REQUIRED ACTION
Below are some records. Return exactly their lines from the one containing "한국사회적경제신문 황인규 기자" through the one containing "3kVA Package: 4×460W", and drop the pictures.

LISTED RECORDS
------------------------------------------------------------------------

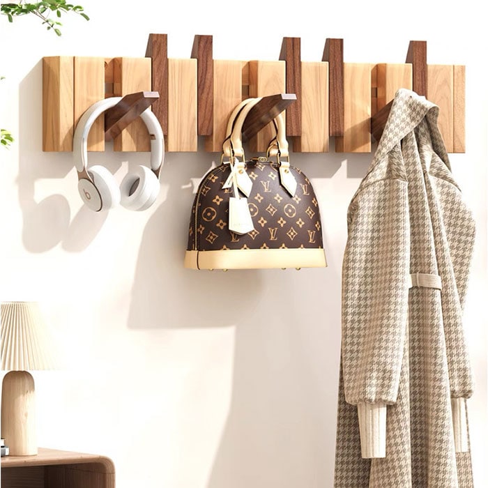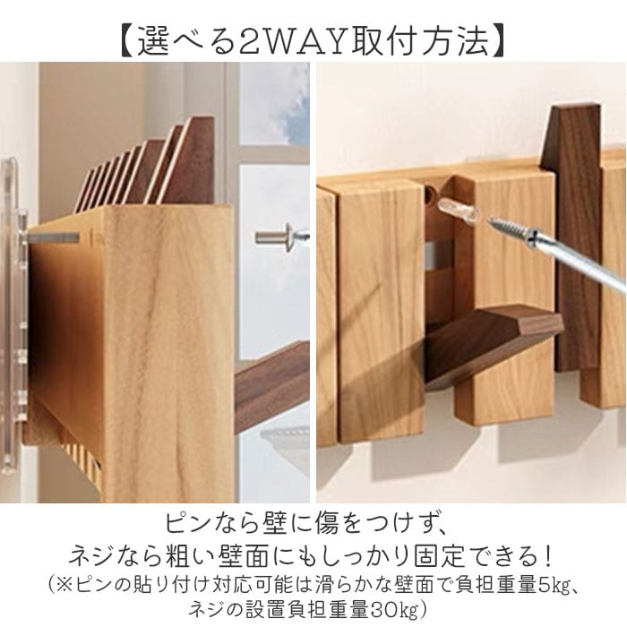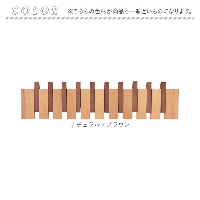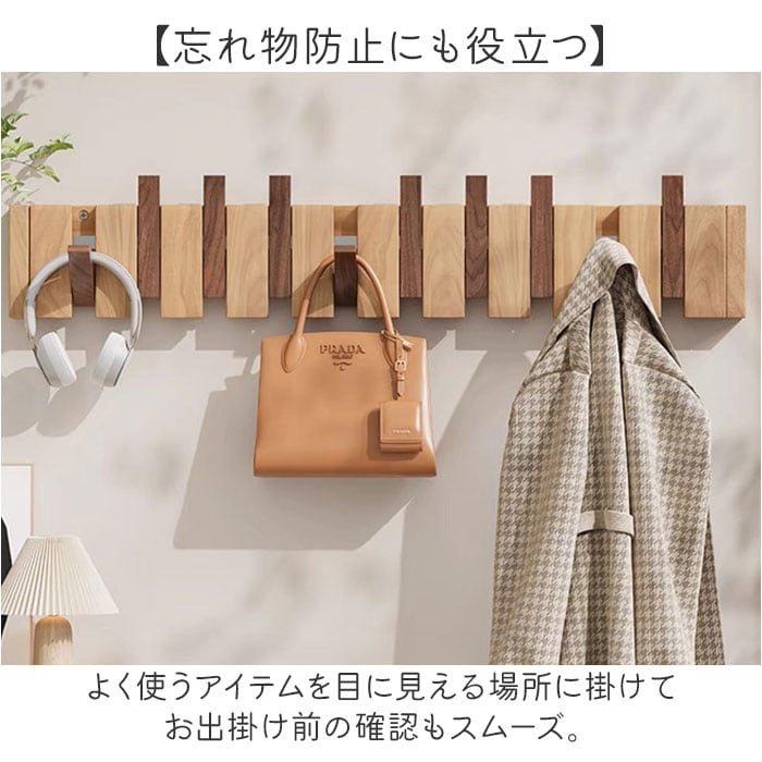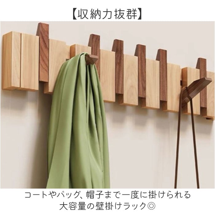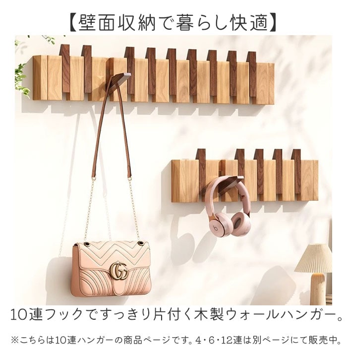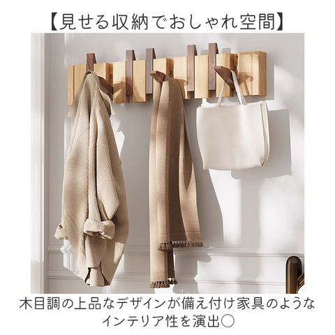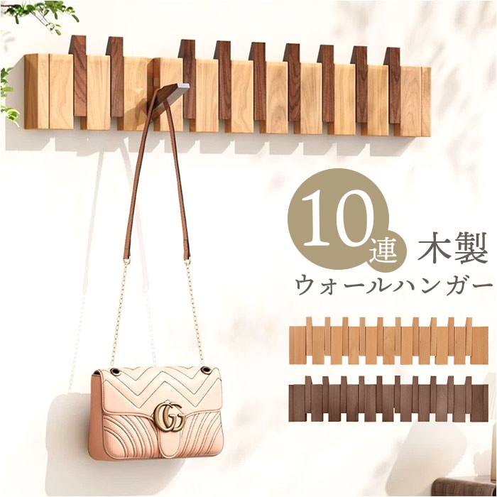 | 商品説明 | 【壁面収納で暮らし快適】10連フックですっきり片付く木製ウォールハンガー。【収納力抜群】コートやバッグ、帽子まで一度に掛けられる大容量の壁掛けラック◎【省スペース設計が魅力】玄関や廊下のわずかな壁面を活用して収納スペースを確保できる♪【見せる収納でおしゃれ空間】木目調の上品なデザインが備え付け家具のようなインテリア性を演出〇【選べる2WAY取付方法】ピンなら壁に傷をつけず、ネジなら粗い壁面にもしっかり固定できる!(※ピンの貼り付け対応可能は滑らかな壁面で壁紙には使用できません。負担重量5kg、ネジの設置負担重量30kg)【忘れ物防止にも役立つ】よく使うアイテムを目に見える場所に掛けてお出掛け前の確認もスムーズ。 |
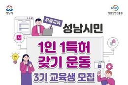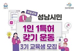 한국사회적경제신문 황인규 기자 | 성남산업진흥원은 시민의 창의적인 아이디어를 지식재산으로 보호하고 창업으로 연결하기 위해 '성남시민 1인 1특허 갖기 운동' 제3기 교육생을 모집한다고 밝혔다. ‘성남시민 1인 1특허 갖기 운동’은 성남시민 누구나 참여할 수 있는 지식재산 교육 프로그램으로, 아이디어 발굴부터 권리화까지 전 과정을 지원하는 시민 참여형 지식재산 프로그램이다. 해당 과정에서는 특허 기초 교육, 아이디어 고도화, 변리사 상담, 출원 절차 안내 등 지식재산 창출에 필요한 실무 과정을 체계적으로 제공한다. 이 프로그램은 2025년 처음 시작되어 연 2회 기수로 운영되고 있으며, 올해는 상반기 제3기 교육생 모집을 시작으로 하반기 제4기 과정도 운영될 예정이다. 지난 2025년에는 상·하반기 교육을 통해 총 209명의 시민이 참여하고 183명이 교육을 수료해 수료율 88%를 기록했다. 교육 이후 특허·상표·디자인 등 지식재산권 72건이 창출됐으며, 이는 교육생 3명 중 1명 이상이 실제 지식재산 창출 성과를 낸 수준이다. 이번 3기 교육생 모집은 3월 9일부터 3월 27일까지 진행
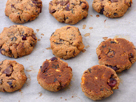 3. FONTOS: 180 fokos sütőben összesen 10 percig sütjük, de a 9. percnél már elkezdünk gyanakodni és figyelni. Nem szabad megvárni, amíg a kekszek elszíneződnek/megbarnulnak. A kekszek akkor tekinthetők sültnek, ha a talpuk megbarnul egy kicsit (lásd a képet). Nem kell aggódnunk, hogy a kekszek nem lesznek elég sültek, hiszen a benne lévő hozzávalók lényegében nyersen is ehetők.
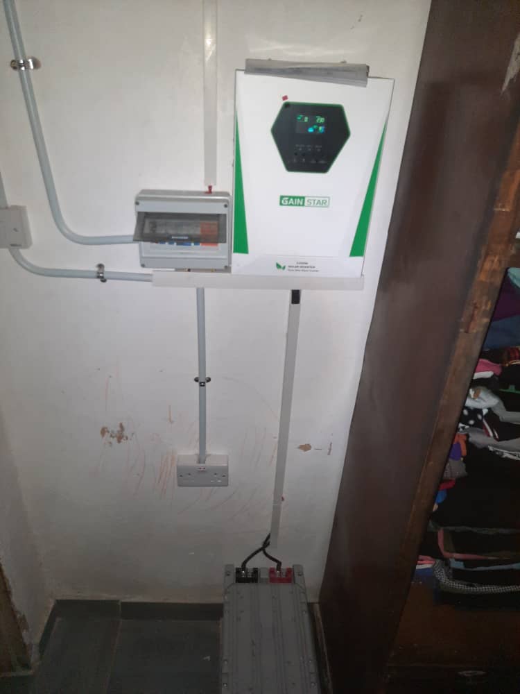 3kVA Package: 4×460W panels (1.84kW), 3kVA hybrid inverter, 5kWh lithium battery – ideal for lighting, Entertainment,Borehole Pump and fridge.
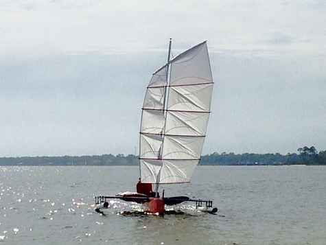 The prototype Little Tri used a Sunfish rig. While that works, I wanted something different and easier to single-hand while sailing in 20+ MPH winds normally found on the Texas 200 event. Junk rigs are known to be easy to handle with quick reefing and other advantages over conventional sloop rigs. The split junk rig I selected addresses the shortcomings of normal junk rigs while keeping the many advantages.
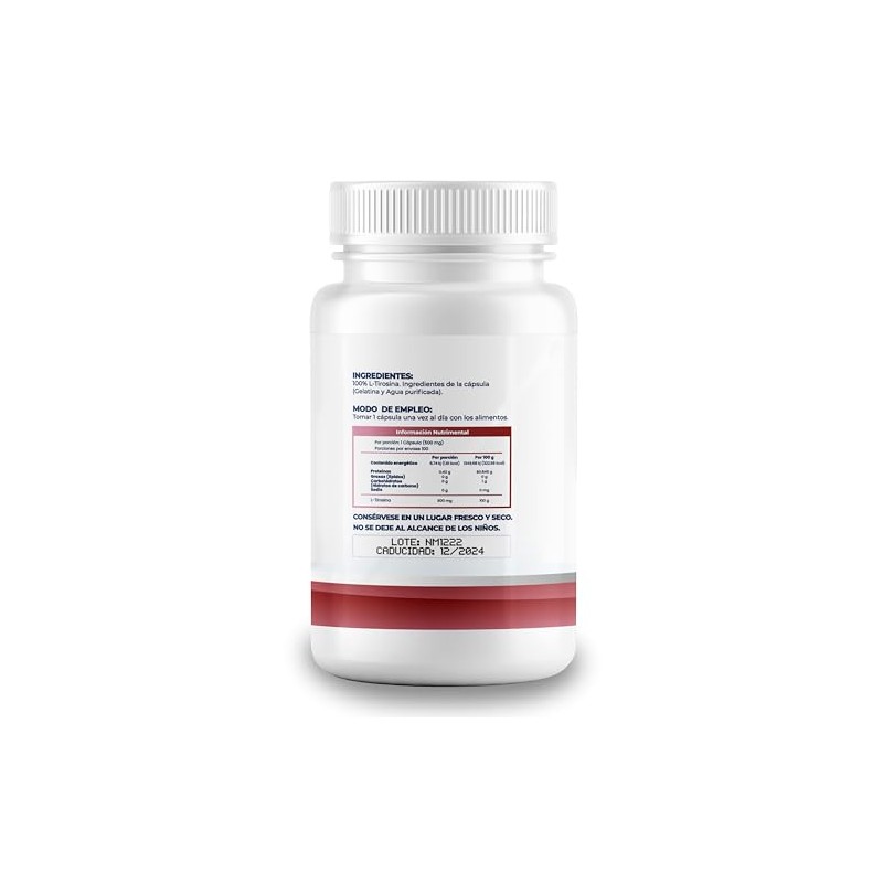 NAIMA L-Tirosina, 100 Cpsulas Suplemento Alimenticio 100 Puro y Natural Energa, Concentracin, Bienestar General Sin Aditivos
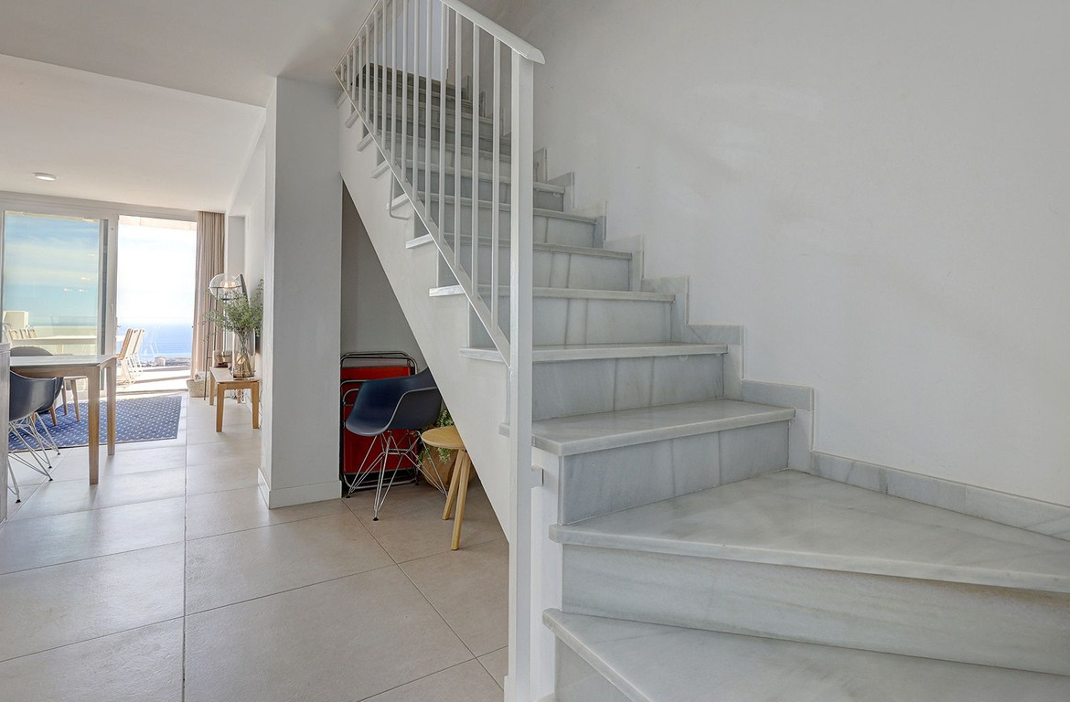 This elegant duplex penthouse enjoys stunning panoramic sea views and a prime location in Benalmádena, just a short drive from the beach and the picturesque village of Benalmádena Pueblo.
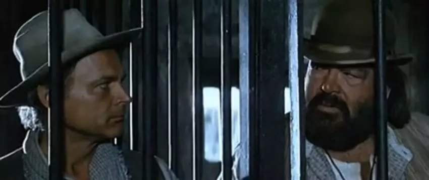 特伦斯·希尔与巴德·斯潘塞在他们最新电影《麻烦制造者》(1994)中的一个场景。 巴德·斯潘塞 卡罗·佩德索利(1929年10月31日—2016年6月27日),艺名巴德·斯潘塞,是意大利演员、职业游泳运动员和水球运动员。他因与长期电影搭档特伦斯·希尔合作的动作喜剧和意大利式西部片角色而闻名。这对搭档“获得了世界赞誉,并吸引了数百万观众走进影院”。斯潘塞和希尔共同出演、制作和执导了超过20部电影。 1967年,电影导演朱塞佩·科利齐向他提供了《上帝宽恕…我不!》中的一个角色。在片场,佩德索利遇到了马里奥·吉罗蒂(特伦斯·希尔)。尽管佩德索利曾于1959年在《汉尼拔》的片场见过吉罗蒂,但正是这次相遇让他们成为了电影搭档。电影导演要求两位演员改名,认为他们的原名听起来太有意大利味,不适合西部片:佩德索利选择了巴德·斯宾塞这个名字,其中“巴德”的灵感来自百威啤酒,“斯宾塞”则源于演员斯宾塞·屈塞。希尔的角色通常灵活且充满活力,而斯宾塞总是饰演“冷静、脾气暴躁的硬汉,却有着纯真孩童般的笑声和一颗金子般的心”。总的来说,希尔和斯宾塞合作了超过20部电影,其中包括(使用其最常见的美国片名)《上帝宽恕...我不宽恕!》。(1967年)、《王牌高手》(1968年)、《边城龙虎斗》(1969年)、《他们叫我三一》(1970年)、《三一仍是我的名字》(1971年)、《一路向前,伙伴们》(1972年)、《小心,我们疯了》(1974年)、《两个传教士》(1974年)、《霹雳双虎将》(1977年)、《奇谋妙计赌翻天》(1978年)、《我为河马狂》(1979年)、《谁找到朋友谁找到宝藏》(1981年)、《加油!》(1983年)、《双重麻烦》(1984年)、《迈阿密超级警察》(1985年)和《麻烦制造者》(1994年)。斯宾塞单独出演的电影包括《五人军队》(1969年)、《天使也吃豆子》(1973年)、《和平的第五天》(1970年)、《朋友,这能做到》(1972年)、《平底足》(1973年)、《雇佣兵》(1976年)、《他们叫他推土机》(1978年)、《警长与卫星小子》(1979年)、《事事皆非》(1980年)、《香蕉乔》(1982年)、《轰炸机》(1982年)和《超级魔术师》(1986年)。
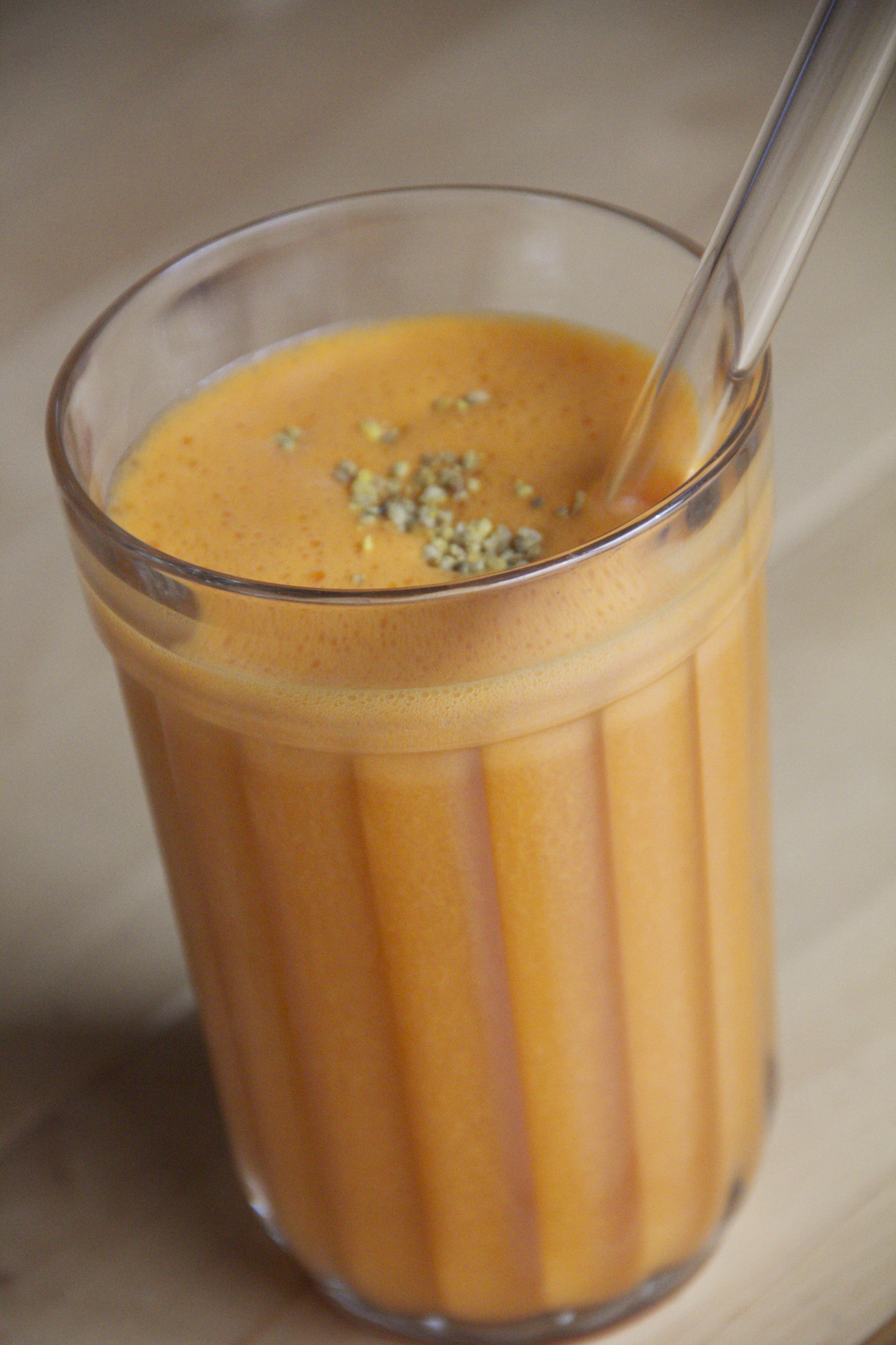 Peel and juice oranges, then juice carrots and ginger. Put the juice into a blender and add other ingredients. I often add a splash of apple cider vinegar for a contrast between the sweet flavors of the oranges and carrots. Blend until smooth and serve. This one is a real pleaser. You can easily serve it to non-juice lovers!
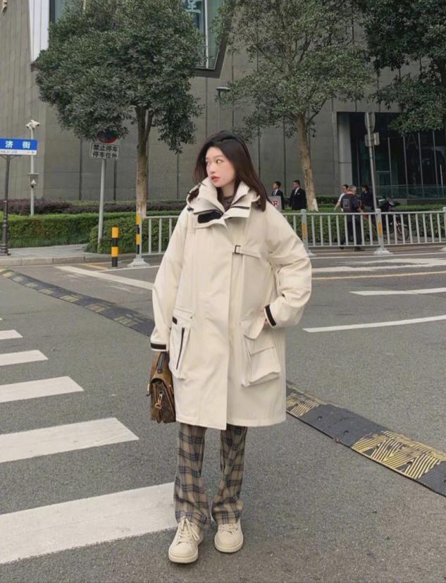 平时在选择中长外套的时候,女生会在下身选择一条修身的打底裤,这样腿部纤细的线条就会被显现出来,但这种穿搭似乎太过平淡,如今女生会在下身选择一条长裤,这时如果配有了非常酷帅的风衣式或工装式外套,那么可以采用深色格子裤配老爹鞋或小白鞋。
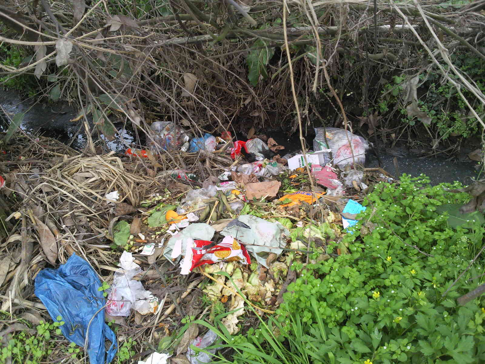 其次,农村随地乱扔、乱倒垃圾的现象没有丝毫改进,相反,随着生活水平的提高,各种塑料制品的广泛应用,这种恶习造成的环境问题越来越恐怖,塑料袋造成的白色污染更加剧了水质、土壤的恶化。我们这些天,在很多地方看到的不是清渠,而是状如墨汁的黑水沟。
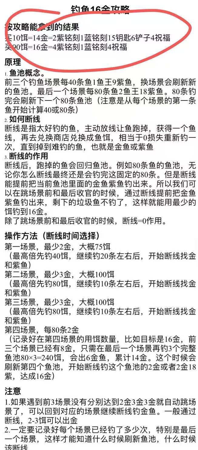 5:利用以上规则,假设你剩下20个鱼饵,且已经掉满最后一个池子80条鱼,那么你可以通过断线放弃蓝色鱼,争取20鱼饵把新池子两条金鱼,18条紫鱼都钓出来。博主验证可行。

------------------------------------------------------------------------

YOUR RESPONSE
 한국사회적경제신문 황인규 기자 | 성남산업진흥원은 시민의 창의적인 아이디어를 지식재산으로 보호하고 창업으로 연결하기 위해 '성남시민 1인 1특허 갖기 운동' 제3기 교육생을 모집한다고 밝혔다. ‘성남시민 1인 1특허 갖기 운동’은 성남시민 누구나 참여할 수 있는 지식재산 교육 프로그램으로, 아이디어 발굴부터 권리화까지 전 과정을 지원하는 시민 참여형 지식재산 프로그램이다. 해당 과정에서는 특허 기초 교육, 아이디어 고도화, 변리사 상담, 출원 절차 안내 등 지식재산 창출에 필요한 실무 과정을 체계적으로 제공한다. 이 프로그램은 2025년 처음 시작되어 연 2회 기수로 운영되고 있으며, 올해는 상반기 제3기 교육생 모집을 시작으로 하반기 제4기 과정도 운영될 예정이다. 지난 2025년에는 상·하반기 교육을 통해 총 209명의 시민이 참여하고 183명이 교육을 수료해 수료율 88%를 기록했다. 교육 이후 특허·상표·디자인 등 지식재산권 72건이 창출됐으며, 이는 교육생 3명 중 1명 이상이 실제 지식재산 창출 성과를 낸 수준이다. 이번 3기 교육생 모집은 3월 9일부터 3월 27일까지 진행
 3. FONTOS: 180 fokos sütőben összesen 10 percig sütjük, de a 9. percnél már elkezdünk gyanakodni és figyelni. Nem szabad megvárni, amíg a kekszek elszíneződnek/megbarnulnak. A kekszek akkor tekinthetők sültnek, ha a talpuk megbarnul egy kicsit (lásd a képet). Nem kell aggódnunk, hogy a kekszek nem lesznek elég sültek, hiszen a benne lévő hozzávalók lényegében nyersen is ehetők.
 3kVA Package: 4×460W panels (1.84kW), 3kVA hybrid inverter, 5kWh lithium battery – ideal for lighting, Entertainment,Borehole Pump and fridge.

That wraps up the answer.